▶ EXERCISE BRIEF
Without the pictures, write out every entry that follows exactly.

▶ TASK INPUTS
----

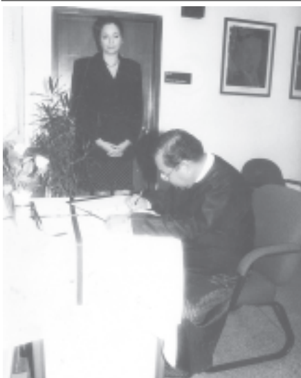
Deputy Minister U Khin Maung Win signs the Book of Condolences at the US Embassy.

(ဋ) လိုအပ်ပါက နီးစပ်ရာဆေးပေးခန်းဆေးရုံများသို့ အချိန်မီသွားရောက် ပြသစစ်ဆေးကုသခွင့်ယူပါ။ ကျန်းမာရေးဝန်ကြီးဌာန
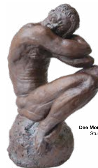
Dee Moreno Student

MO (9 wks) 6/3-7/29 5:30-8:30p Studio 11 PR-34 Tuition $195
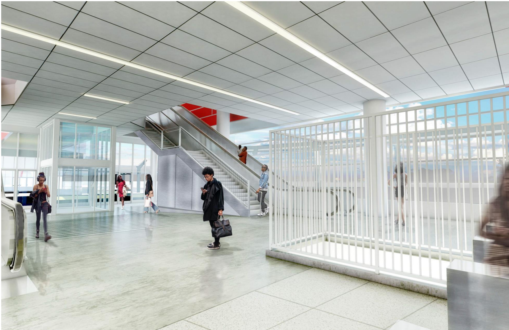
South Terminal Interior - Looking North to 95 th St.
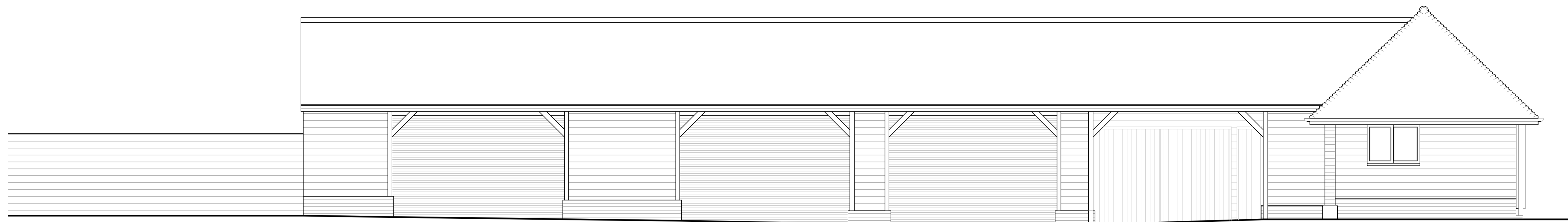
Existing Front (E) Elevation Scale 1:50
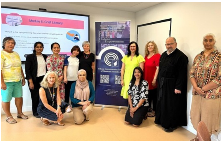
Training for community representatives from language groups – Tamil, Vietnamese, Karen/Burmese, Arabic and Greek.

This is a 3-year project where ECCWA is responsible for recruiting community representatives and providing training to connect them with their own communities in the most culturally appropriate ways and provide guidance. The trained (activated) connectors will then continue on with conversations in their communities in their languages.

----

▶ TASK OUTPUT
Deputy Minister U Khin Maung Win signs the Book of Condolences at the US Embassy.

(ဋ) လိုအပ်ပါက နီးစပ်ရာဆေးပေးခန်းဆေးရုံများသို့ အချိန်မီသွားရောက် ပြသစစ်ဆေးကုသခွင့်ယူပါ။ ကျန်းမာရေးဝန်ကြီးဌာန
Dee Moreno Student

MO (9 wks) 6/3-7/29 5:30-8:30p Studio 11 PR-34 Tuition $195
South Terminal Interior - Looking North to 95 th St.
Existing Front (E) Elevation Scale 1:50
Training for community representatives from language groups – Tamil, Vietnamese, Karen/Burmese, Arabic and Greek.

This is a 3-year project where ECCWA is responsible for recruiting community representatives and providing training to connect them with their own communities in the most culturally appropriate ways and provide guidance. The trained (activated) connectors will then continue on with conversations in their communities in their languages.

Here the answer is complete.